In the U.S. territory of Puerto Rico, Election Day is a legal holiday. This includes any day a referendum is held. General elections are legal holidays in the Virgin Islands, and employees who give prior notice must be permitted two hours off, with pay, to vote.
Internationally, in many countries, election day is a national holiday and most employees have the entire day off to vote. Often the employees delight is somewhat mitigated by the fact that bars are also closed, by law, on election day.
“Employers who violate time-off-to-vote laws face penalties that range from trivial to a corporate death sentence,” said David Stephanides, an attorney specializing in employment law.
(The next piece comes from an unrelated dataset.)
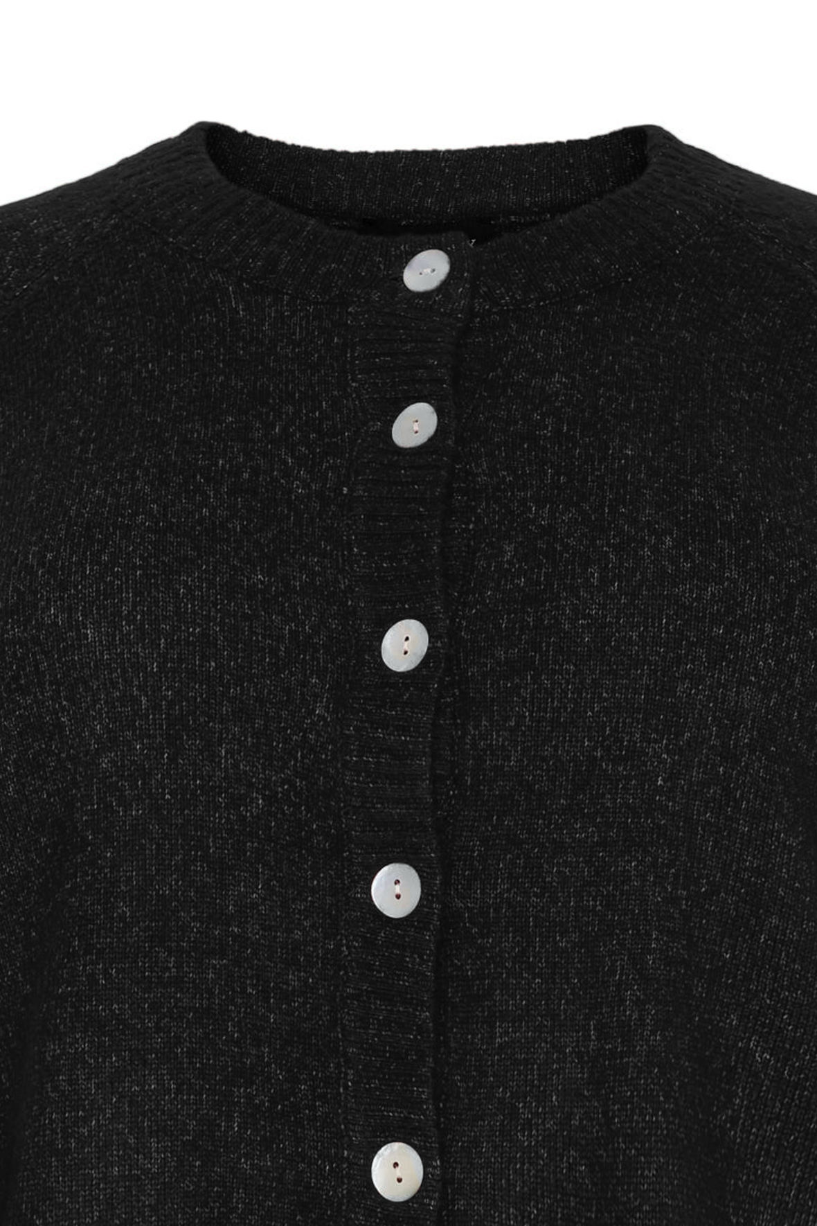 Sød strik cardigan der har knapstolpe og med ballonærmer fra No.1 by OX. Den er blød og vamset med flot melange farve der taler til øjnene. Den er ribstrikket på alle kanter, har rund halsudskæring samt lange raglan ærmer der har lidt ballon effekt, med ekstra høj ribstrik manchet. Medium grov i strikkestrukturen og ikke alt for tyk. Fremragende pasform uanset om du er plus size eller ej.

Kansas and Missouri employers face the larges fines for not giving workers time off to vote. In those states, an employer may be subject to fines of up to $2,500 per employee – as long as the employee is a registered voter.
Arizona permits fines up to $10,000 for corporations that interfere with an employee’s right to vote by not giving the required time off. But in New York and Colorado, corporations can be stripped of their charters – in effect, disbanded – if they are found in violation of the state voting law.
Employers who try to influence an employees vote unfairly can receive fines of up to $10,000 plus up to 5 years in jail, in Nebraska.
Several other states have laws requiring time off to vote, but no penalty is specified.